§ WHAT IS NEEDED: Omitting all images, transcribe the listing word for word.

§ GIVEN DATA:
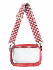 This go anywhere bag made of clear pvc is ready for your adventure from game day to concerts! Meets all stadium regulations. Adjustable 1.5” width crossbody strap included. Spot clean.
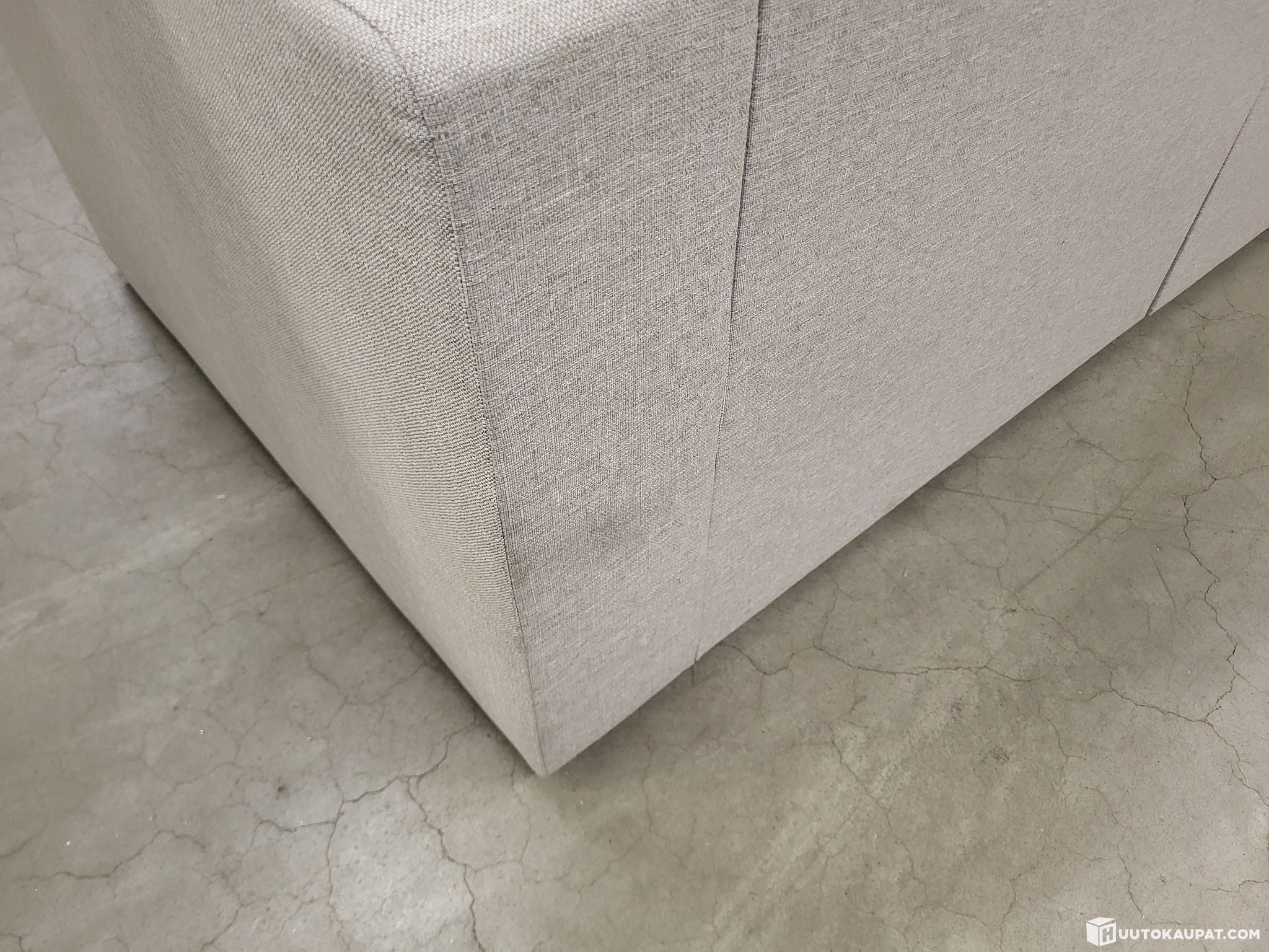 Sohvassa kuljetuksessa tullutta likaa. Moduulien kiinnityskohta ollut väärässä kohdassa jota korotettu puurimoilla.
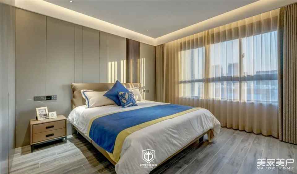 自由的感受始终源于内心的深处,而置身完美的空间,将所有的情绪沉浸在意象的国度里。主卧以灰白色点亮整体空间,细腻的线条,优雅的结构,塑造出不一样的居室美感。
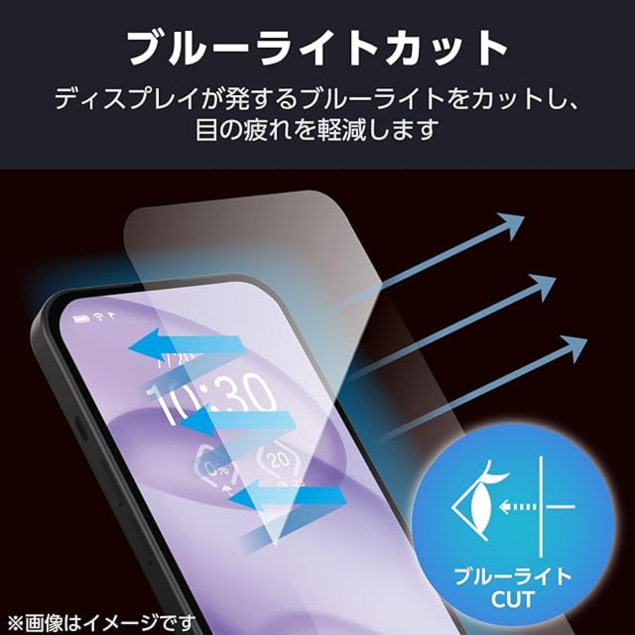 ガラス特有のなめらかな指滑りを実現する、ブルーライトカットタイプの画面保護ガラスフィルムです。
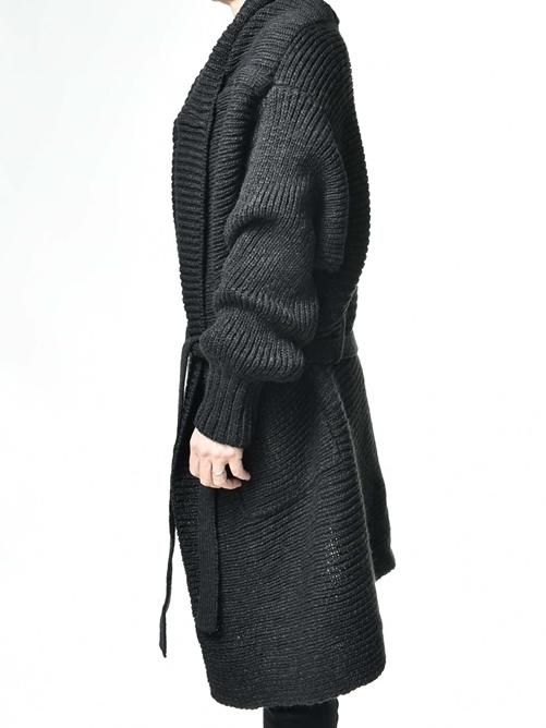 ■ざっくりと編み立てたアルパカウールニットを使用。ライトアウターの上からも羽織って頂けるボリューム感で、ヘビーアウタークラスの重厚感と保温性を兼ね備えています。
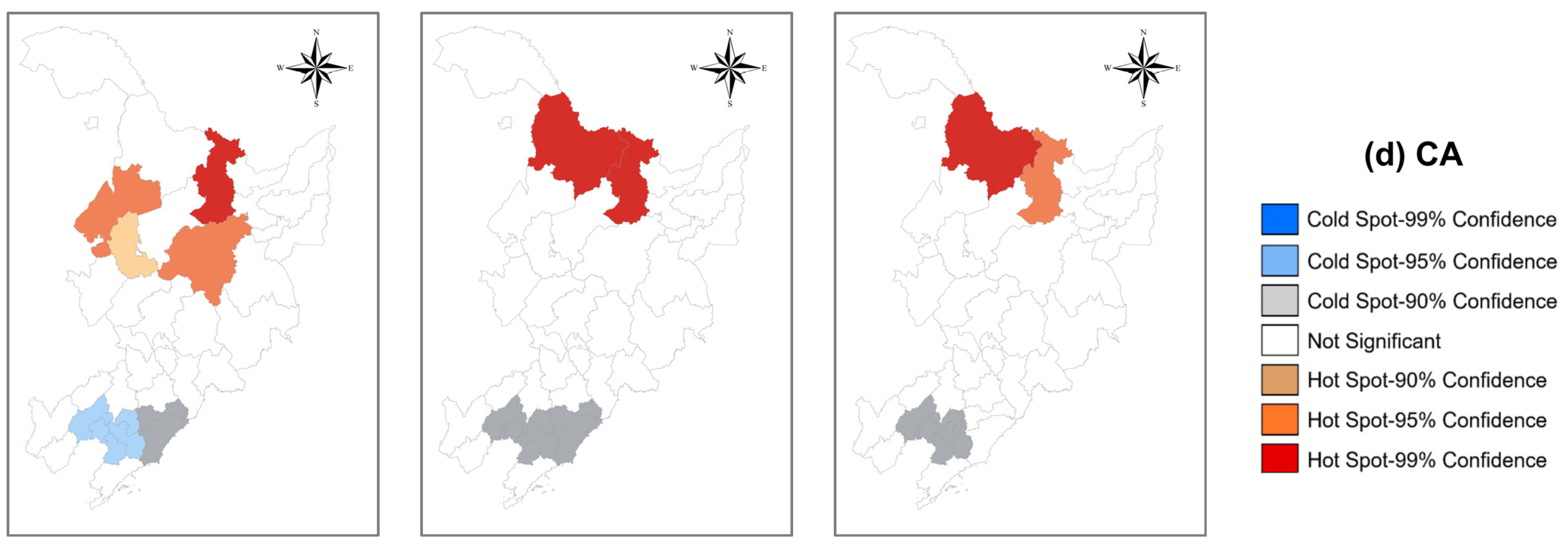 3.3.3. Coldspot and Hotspot Analysis—Spatial Heterogeneity in Data Distribution
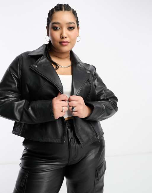 Urbancode Curve - Blouson style motard en cuir véritable - Noir
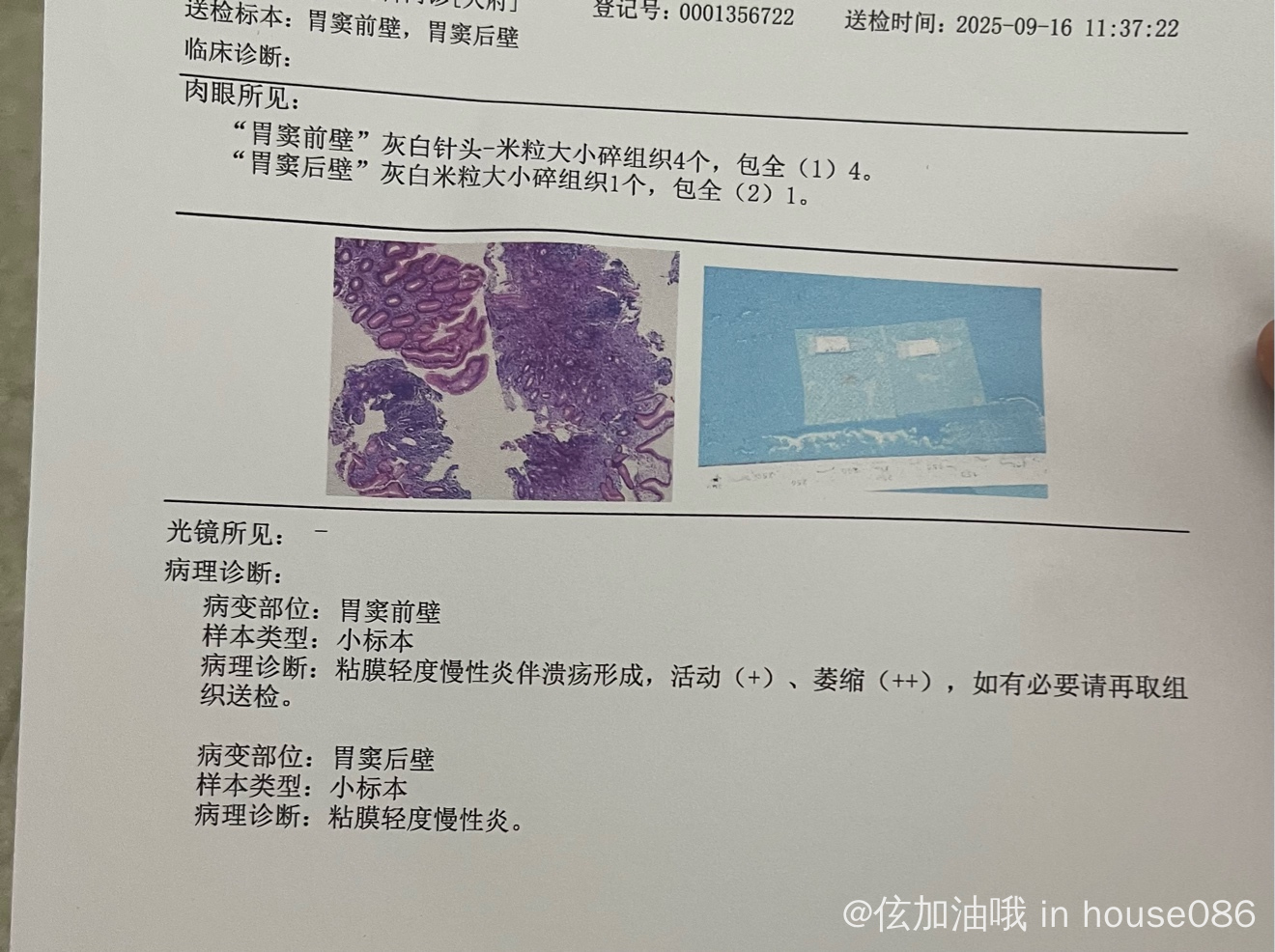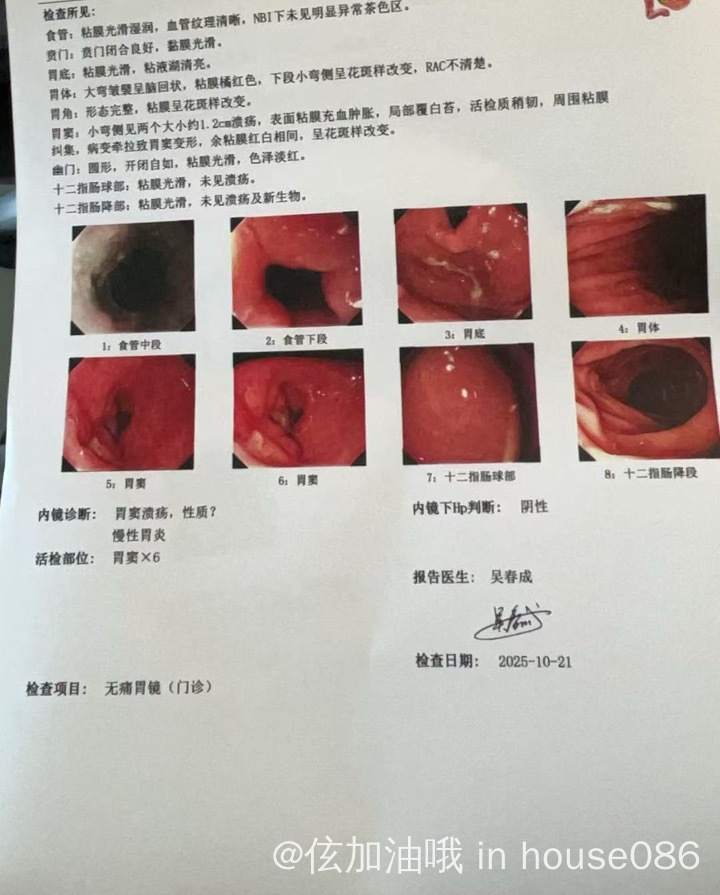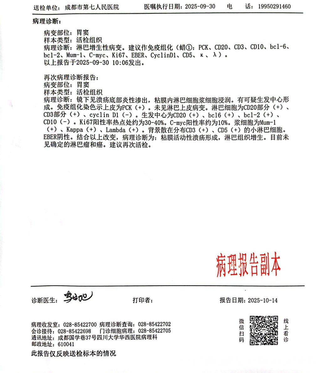 图1是第一次胃镜检查结果,因为当时溃疡很大怀疑胃癌但是活检显示只是炎症,此时已经做了增强CT发现胃窦周围有淋巴结转移怀疑胃癌中晚期,所以间隔不到一周做了第二次胃镜(第二次胃镜结果和第一次基本相同所以没再放图),之后做了病理和免疫组化,免疫组化提示可能是淋巴瘤,所以去了华西医院,PET也是疑似恶性肿瘤与此同时借了第二次取样的标本送往华西医院送检,如图四显示就是淋巴增生,之后在今天在华西医院做了第三次胃镜,目前正在等待第三次活检结果,距离第一次胃镜已经一个月了,两次胃镜对比来看溃疡有明显缩小,不清楚是不同医院仪器差别太大还是真的缩小很多,最后一张是近期吃的药是上一个医院开的(停了将近两周了)因为PET显示肺部也有炎症咨询医生吃了头孢,有无大神可以帮忙分析一下。(病人在第一次胃镜之前出现了肋骨疼、后背疼的现象,疼的受不了的时候甚至腿上都会有像毛细血管冒出来了的那种红点但是我上网查了不是淋巴瘤典型皮疹,之后做第一次胃镜到现在基本没有疼痛了,但是偶尔胃会有灼烧感,还比较能吃,体重最近略微上升)
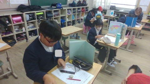 「垂直・平行と四角形」について復習をしています。垂直や平行四辺形のかき方を確認しながら学習に取り組むことができました。
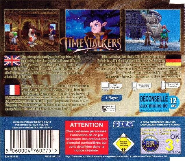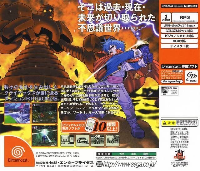 Welcome to a mysterious world, a world made up of strange lands, hazardous labyrinths and many mysteries. Who created this world? And why? A wandering adventurer by the name of Sword has been summoned to find the answers. From RPG legends 'Climax' comes Time Stalkers, a refreshingly unconventional RPG. Featuring randomly generated dungeons, sub quests and a host of VM mini games.
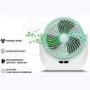 ? ?Oscillating Desk Fan?To accommodate your needs, the table fan features 4 speeds for optimal airflow and comfort. Press the button on the base to change the speed level as you want. And it will show the battery capacity while working.

§ ANSWER SECTION:
 This go anywhere bag made of clear pvc is ready for your adventure from game day to concerts! Meets all stadium regulations. Adjustable 1.5” width crossbody strap included. Spot clean.
 Sohvassa kuljetuksessa tullutta likaa. Moduulien kiinnityskohta ollut väärässä kohdassa jota korotettu puurimoilla.
 自由的感受始终源于内心的深处,而置身完美的空间,将所有的情绪沉浸在意象的国度里。主卧以灰白色点亮整体空间,细腻的线条,优雅的结构,塑造出不一样的居室美感。
 ガラス特有のなめらかな指滑りを実現する、ブルーライトカットタイプの画面保護ガラスフィルムです。
 ■ざっくりと編み立てたアルパカウールニットを使用。ライトアウターの上からも羽織って頂けるボリューム感で、ヘビーアウタークラスの重厚感と保温性を兼ね備えています。
 3.3.3. Coldspot and Hotspot Analysis—Spatial Heterogeneity in Data Distribution
 Urbancode Curve - Blouson style motard en cuir véritable - Noir
 图1是第一次胃镜检查结果,因为当时溃疡很大怀疑胃癌但是活检显示只是炎症,此时已经做了增强CT发现胃窦周围有淋巴结转移怀疑胃癌中晚期,所以间隔不到一周做了第二次胃镜(第二次胃镜结果和第一次基本相同所以没再放图),之后做了病理和免疫组化,免疫组化提示可能是淋巴瘤,所以去了华西医院,PET也是疑似恶性肿瘤与此同时借了第二次取样的标本送往华西医院送检,如图四显示就是淋巴增生,之后在今天在华西医院做了第三次胃镜,目前正在等待第三次活检结果,距离第一次胃镜已经一个月了,两次胃镜对比来看溃疡有明显缩小,不清楚是不同医院仪器差别太大还是真的缩小很多,最后一张是近期吃的药是上一个医院开的(停了将近两周了)因为PET显示肺部也有炎症咨询医生吃了头孢,有无大神可以帮忙分析一下。(病人在第一次胃镜之前出现了肋骨疼、后背疼的现象,疼的受不了的时候甚至腿上都会有像毛细血管冒出来了的那种红点但是我上网查了不是淋巴瘤典型皮疹,之后做第一次胃镜到现在基本没有疼痛了,但是偶尔胃会有灼烧感,还比较能吃,体重最近略微上升)
 「垂直・平行と四角形」について復習をしています。垂直や平行四辺形のかき方を確認しながら学習に取り組むことができました。
 Welcome to a mysterious world, a world made up of strange lands, hazardous labyrinths and many mysteries. Who created this world? And why? A wandering adventurer by the name of Sword has been summoned to find the answers. From RPG legends 'Climax' comes Time Stalkers, a refreshingly unconventional RPG. Featuring randomly generated dungeons, sub quests and a host of VM mini games.
 ? ?Oscillating Desk Fan?To accommodate your needs, the table fan features 4 speeds for optimal airflow and comfort. Press the button on the base to change the speed level as you want. And it will show the battery capacity while working.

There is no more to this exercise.